Given records section start

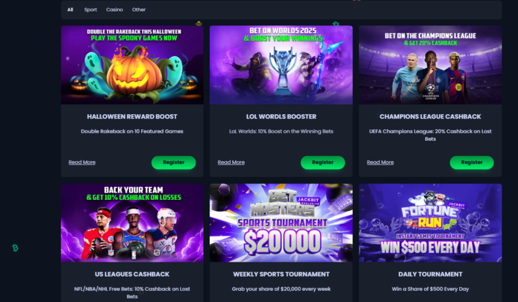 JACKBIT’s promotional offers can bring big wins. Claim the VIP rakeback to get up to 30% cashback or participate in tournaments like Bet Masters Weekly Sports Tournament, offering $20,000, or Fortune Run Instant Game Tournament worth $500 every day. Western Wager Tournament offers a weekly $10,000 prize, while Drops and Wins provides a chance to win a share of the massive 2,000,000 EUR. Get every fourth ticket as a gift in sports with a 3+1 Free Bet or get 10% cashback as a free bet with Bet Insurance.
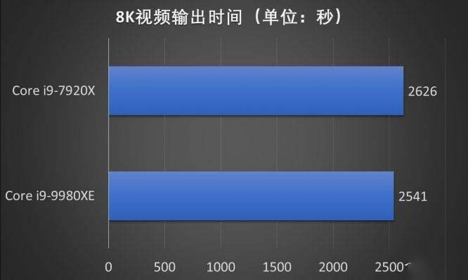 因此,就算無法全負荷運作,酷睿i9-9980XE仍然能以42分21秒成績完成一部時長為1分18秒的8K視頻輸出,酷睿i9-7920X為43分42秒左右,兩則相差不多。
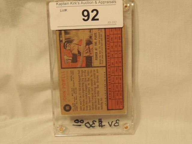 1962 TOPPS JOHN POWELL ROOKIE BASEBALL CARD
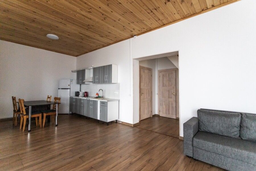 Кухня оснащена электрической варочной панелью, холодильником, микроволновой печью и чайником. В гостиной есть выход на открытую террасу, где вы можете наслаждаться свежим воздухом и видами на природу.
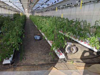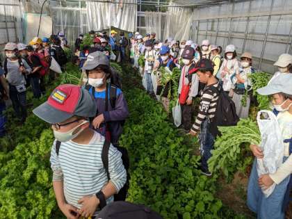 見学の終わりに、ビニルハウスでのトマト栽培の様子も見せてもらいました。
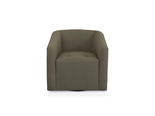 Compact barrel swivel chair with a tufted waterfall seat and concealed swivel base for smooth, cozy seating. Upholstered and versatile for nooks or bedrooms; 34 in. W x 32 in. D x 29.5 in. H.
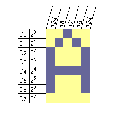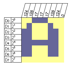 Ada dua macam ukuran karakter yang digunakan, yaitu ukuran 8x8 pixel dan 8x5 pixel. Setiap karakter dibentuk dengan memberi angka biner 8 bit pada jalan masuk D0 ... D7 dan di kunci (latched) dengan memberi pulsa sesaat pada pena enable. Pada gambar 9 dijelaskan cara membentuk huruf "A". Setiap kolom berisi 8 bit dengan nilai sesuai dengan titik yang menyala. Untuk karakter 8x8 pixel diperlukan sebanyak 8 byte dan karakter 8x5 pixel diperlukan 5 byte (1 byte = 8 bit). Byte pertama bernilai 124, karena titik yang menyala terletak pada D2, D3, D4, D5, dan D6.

Given records section end

- Your goal -
The reply should hold exactly the lines above, starting at the line with "1962 TOPPS JOHN POWELL ROOKIE BASEBALL CARD" and ending at the line with "Compact barrel swivel", and no pictures.

- Solution for this problem -
 1962 TOPPS JOHN POWELL ROOKIE BASEBALL CARD
 Кухня оснащена электрической варочной панелью, холодильником, микроволновой печью и чайником. В гостиной есть выход на открытую террасу, где вы можете наслаждаться свежим воздухом и видами на природу.
 見学の終わりに、ビニルハウスでのトマト栽培の様子も見せてもらいました。
 Compact barrel swivel chair with a tufted waterfall seat and concealed swivel base for smooth, cozy seating. Upholstered and versatile for nooks or bedrooms; 34 in. W x 32 in. D x 29.5 in. H.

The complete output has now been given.